In this section, model analysis is carried out through numerical simulations in order to show a broad view of the time evolution of the infected populations. Mainly, we shall study the dynamical behavior of infected individuals (I), super-spreaders (P), hospitalized individuals (H), and the cumulative cases of infections ($I+P+H$), obtained from the output of our fractional-order system (2). We will focus on a comparative study by considering values of order of differentiation $\alpha =1$, $\alpha =0.85$, and $\alpha =0.75$, which describe the COVID-19 dynamics transmission of Wuhan, Spain, and Portugal, respectively [23]. In addition, the role of the basic reproduction number through infectivity effect on the evolution curves will be conducted. The readers interested in seeing the real data are referred to [23].

6.1. Population Size, Initial Conditions, and Parameters

Recall that the total population size under study reflects specificities on the spread of COVID-19 on each territories considered. Therefore, we consider $N=$ 47,000,000/425, $N=$ 10,280,000/875, and $N=$ 11,000,000/250 for Spain, Portugal, and Wuhan, respectively. We remark that there was a typo in [23] for the value of N in the case of Portugal. The following initial conditions are considered:

$$S_0=47,000,000/425-11,E_0=0,I_0=10,P_0=1,A_0=0,H_0=0,R_0=0,F_0=0,$$

for Spain;

$$S_0=10,280,000/875-5,E_0=0,I_0=4,P_0=1,A_0=0,H_0=0,R_0=0,F_0=0,$$

for Portugal; and

$$S_0=11,000,000/250-6,E_0=0,I_0=1,P_0=5,A_0=0,H_0=0,R_0=0,F_0=0,$$

for Wuhan. Moreover, the following values of parameters are borrowed from [34]:

$$\begin{array}{c}\beta =2.55,l=1.56,{\beta }^{{}^{\prime }}=7.65,\kappa =0.25,{\rho }_1=0.58,{\rho }_2=0.001,\\ {\gamma }_a=0.94,{\gamma }_i=0.27,{\gamma }_r=0.5,{\delta }_i={\delta }_p={\delta }_h=\frac{1}{23}.\end{array}$$

6.2. Index of Memory’s Influence

The stability of the cumulative cases of infections and the variation on the speed of convergence for different values of $\alpha$ are illustrated in Figure 1.

We observe that for a longer period of time, infected populations decrease and tend to zero. Further, the smaller the order of differentiation, the slower the convergence to the steady state.

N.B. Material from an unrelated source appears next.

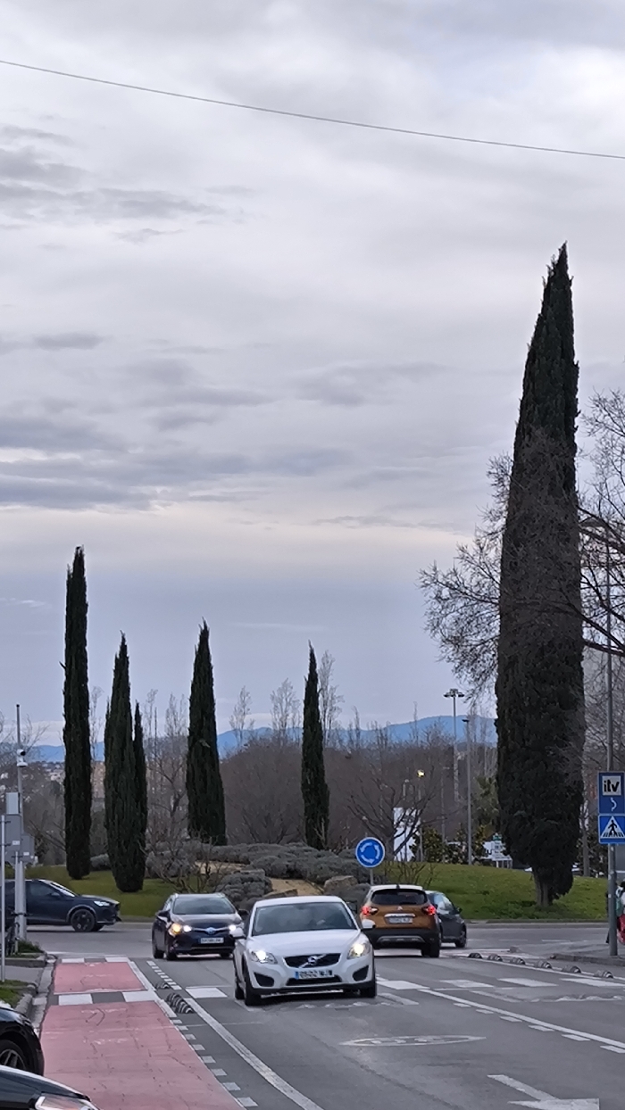 A street scene reveals a line of tall, dark green cypress trees against a backdrop of a cloudy sky. Several cars are traveling on the road, including a white Volvo in the foreground. The road has a red and white striped crosswalk. A roundabout with a blue and white sign is visible, along with other street signs. A glimpse of distant mountains adds depth to the composition.

6.3. Infectivity Rate and Effect on the Basic Reproduction Number

To highlight the effect of the reproduction number $R_0$, from Figure 2, Figure 3 and Figure 4, three different scenarios for the infectivity rate $\beta$ are considered with respect to each value of the index memory. Our results show that there is a significant decrease in the peak values of each infected categories of population when the reproduction number $R_0$ is reduced. For the case of super-spreaders, the curves always start with a decreasing slope and later change the peak but with lower total number of infected individuals. This makes these classes particularly special and might have a huge effect in the progression of the other infected classes. In the particular case of Portugal, it is remarkable that the peak of infected super-spreaders is less than one.

7. Conclusions

In this paper, we have analyzed in detail a fractional-order COVID-19 model, previously used for fitting the number of confirmed cases of infections from the region of Galicia, Spain, and Portugal [23]. An analytical study on the stability of the steady state was conducted and numerical simulations investigated for all infected compartments of the population. The model qualitative analysis reconfirm stability of the steady state for both classical and fractional-order models, whenever the threshold condition $R_0<1$ holds. Global stability is then deduced by a fractional-order version of LaSalle’s invariant set theorem. Moreover, our numerical solutions show that the time speed evolution for the dynamical model to reach the steady state is affected by the order $\alpha$ of index memory. It remains open the question of how to prove global stability in the case when $R_0>1$. For all numerical simulations we have done, the equilibrium was always stable.